On the other hand, while the addition of bevacizumab to gemcitabine-erlotinib did not improve OS in patients with metastatic pancreatic cancer, the PFS was significantly longer in the bevacizumab group compared with placebo. Major serious side effects include arterial thrombosis, where bevacizumab has been shown to double the incidence of this complication. The drug has also been shown to increase the incidence of hemorrhage and hypertension in certain cases. Hemoptysis seems to be a particular risk in squamous cell lung cancer.
c. Insulin-like growth factor type I receptor (IGF1R). IGF1R is an RTK belonging to the insulin-like growth factor (IGF) receptor family which is comprised of three transmembrane proteins and binds to the IGF-1 and IGF-2. It is overexpressed in many tumors including melanoma, colon, pancreas, prostate, and kidney cancers. IGF1R overexpression in cancer cells is an important factor for their proliferation, transformation, and metastasis. Therefore, IGF1R became an attractive target for cancer therapy.
Figitumumab is a new humanized MoAb against IGF1R. The combination of figitumumab, paclitaxel, and carboplatin demonstrated safety and efficacy in patients with advanced NSCLC. Other phase III trials of figitumumab in advanced NSCLC are ongoing.

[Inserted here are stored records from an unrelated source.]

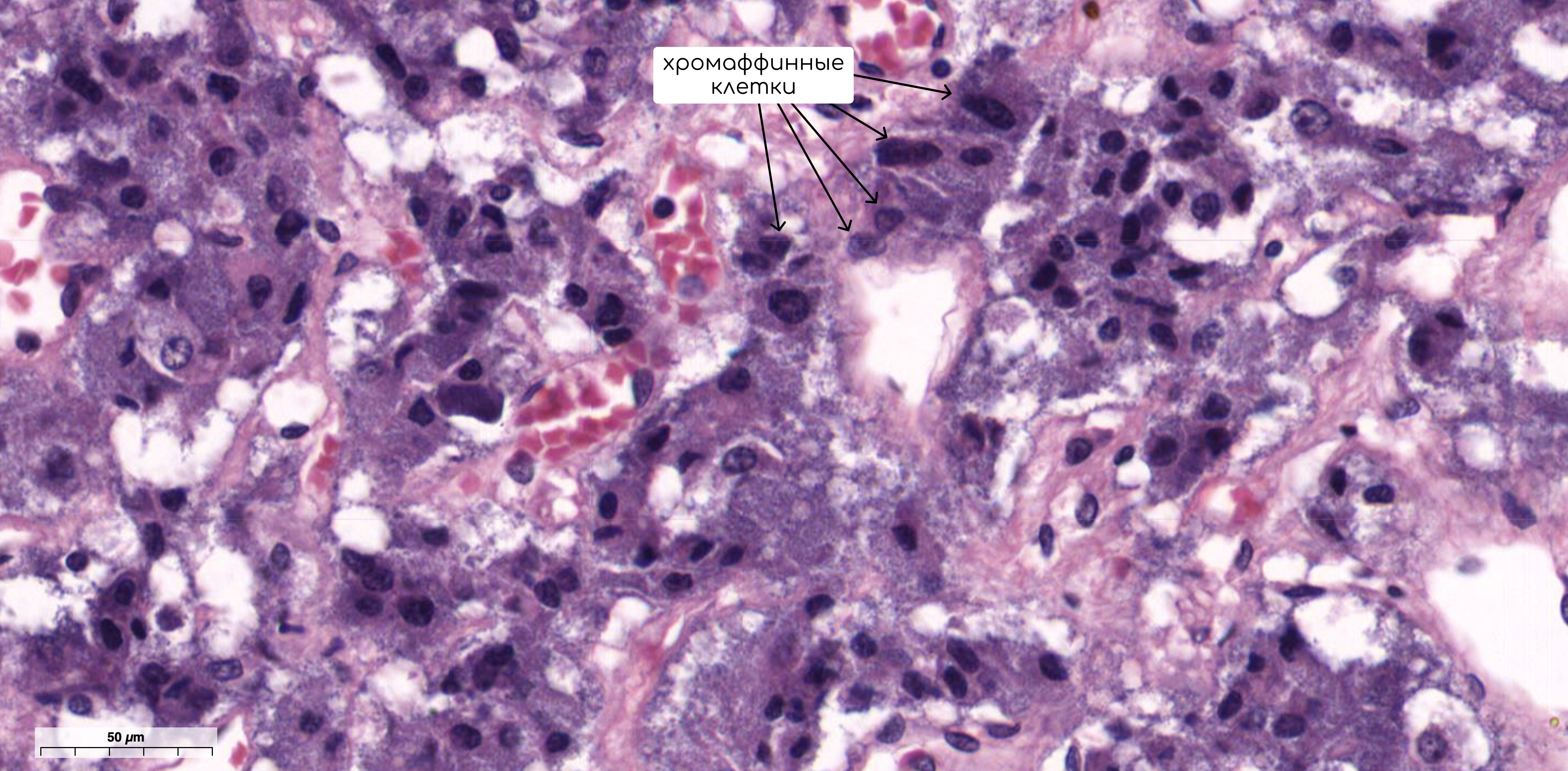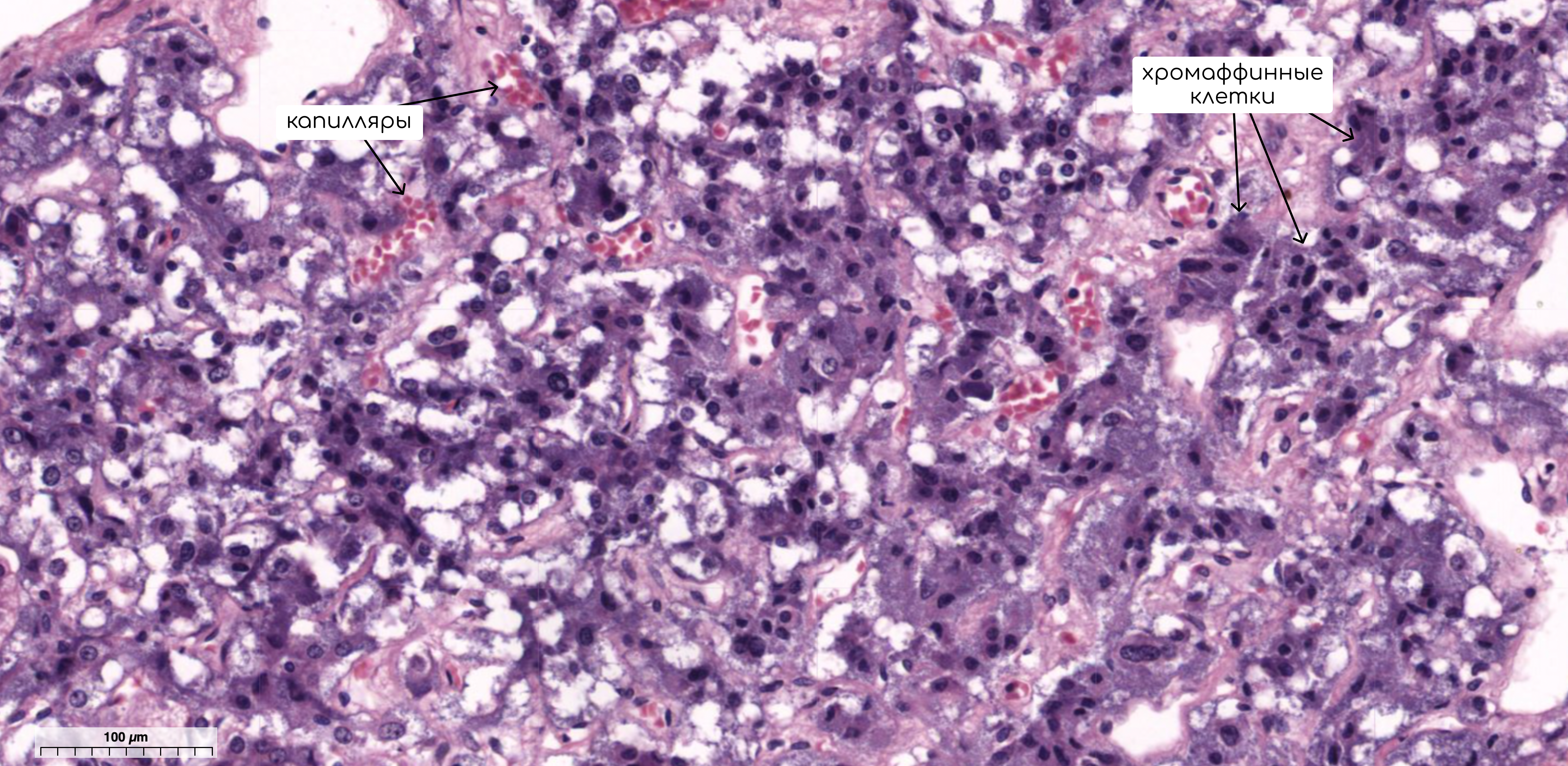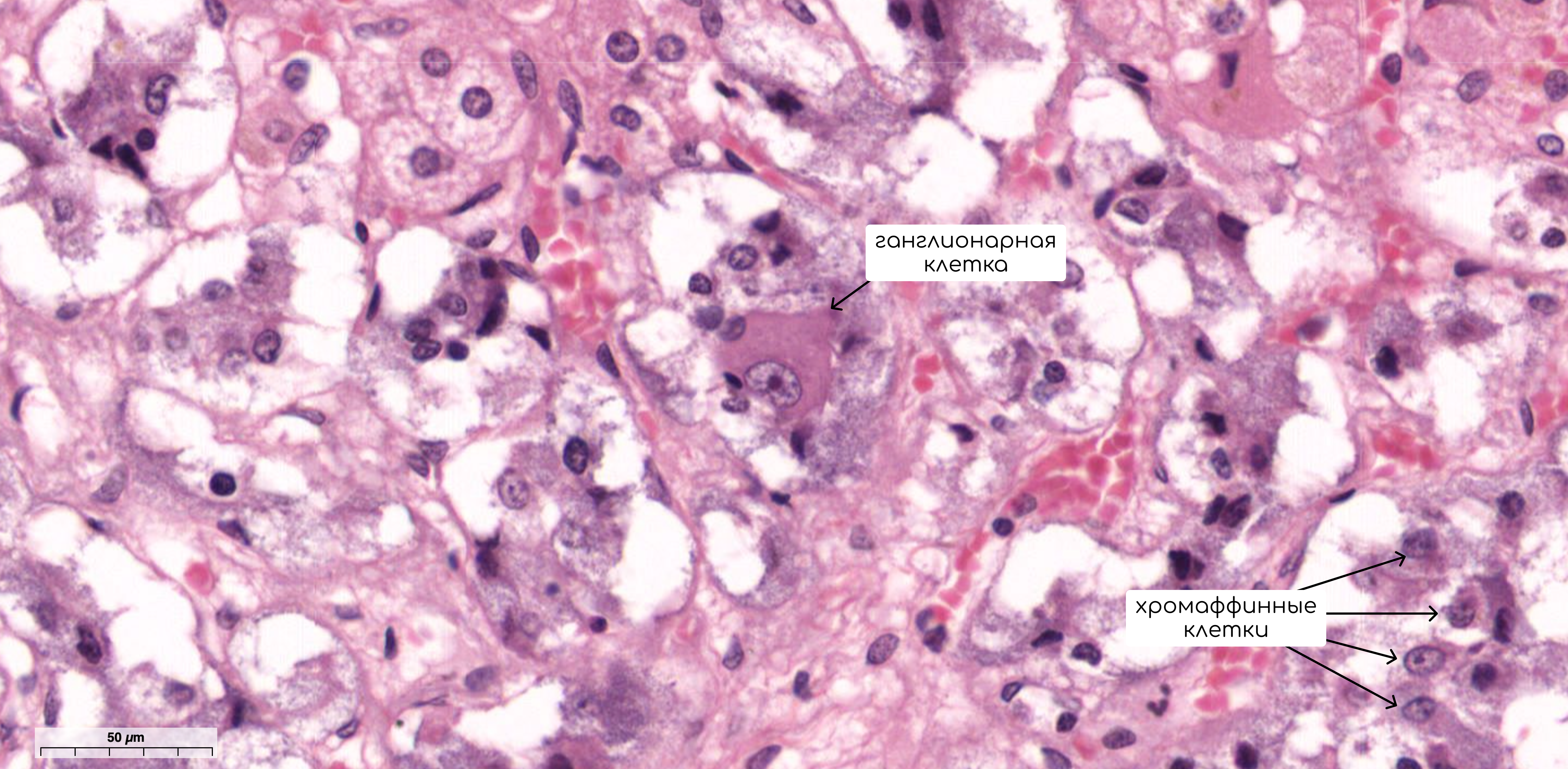 Иногда среди клеток мозгового вещества надпочечников встречаются ганглионарные клетки симпатического нервного узла. Между скоплениями клеток располагается прослойка из рыхлой соединительной ткани.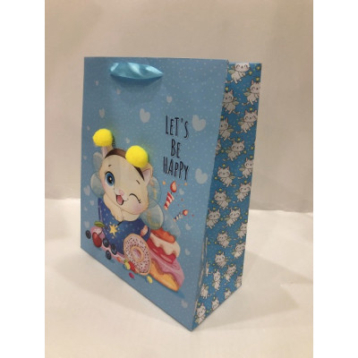 Пакет паперовий, 26х32х12 см Папір крейдований 140г/м2 Яскравий друк Pantone, матова ламінація, 2 пухнастих помпони на фронтальному GB-21122 :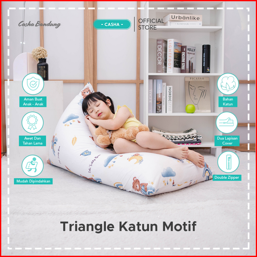 Casha- Bean Bag Triangle Medium Katun Motif Dengan Isi - Bean Bag Katun Motif

2. Inhibition of RTKs. Kinases are enzymes that have the ability of attaching a phosphate moiety to another protein. This occurs on a side chain of a serine, threonine, or tyrosine moiety, and the side chain that becomes phosphorylated is used to classify these kinases. The phosphorylation of proteins regulates the behavior of the molecules including protein binding activity, enzymatic activity, trafficking within the cell, or degradation. As a consequence, the phosphorylation process is a crucial biochemical reaction involved with controlling the behavior of a cell. Their critical role in cancer is shown by the observation that mutations in these kinases may lead to drastic outcomes, including uncontrolled proliferation. Receptor serine/threonine kinases will be discussed in another section; here, we will discuss the RTKs. RTKs are a combination of protein families sharing several structural and functional features. These kinases are glycoprotein receptors with extracellular, transmembrane, and intracellular domains. While the transmembrane domain acts as an anchor for the receptor within the membrane of the cell, the extracellular domain contains a binding site for a specific multipeptide ligand. On receptor-ligand binding, signaling events specific to the receptor are initiated. The cytoplasmic domain contains a catalytic tyrosine kinase region and a regulatory region, which are integral to the transmission of downstream signals to the nucleus. Autophosphorylation of the receptor's kinase region initiates a signal transduction cascade leading to cell proliferation, survival/apoptosis, migration, adhesion, and promotion of angiogenesis. Some of the subfamilies in this group of RTKs include the platelet-derived growth factor receptor (PDGFR), EGFR, VEGFR, and fibroblast growth factor receptor. These RTKs are overexpressed or mutated in many human cancers. Therefore, targeting RTK activity is an attractive strategy for cancer therapy and is currently achieved by small molecules. A few small molecules have already been introduced into the clinical practice and many other are currently in clinical trials. Here we will discuss some of these molecules.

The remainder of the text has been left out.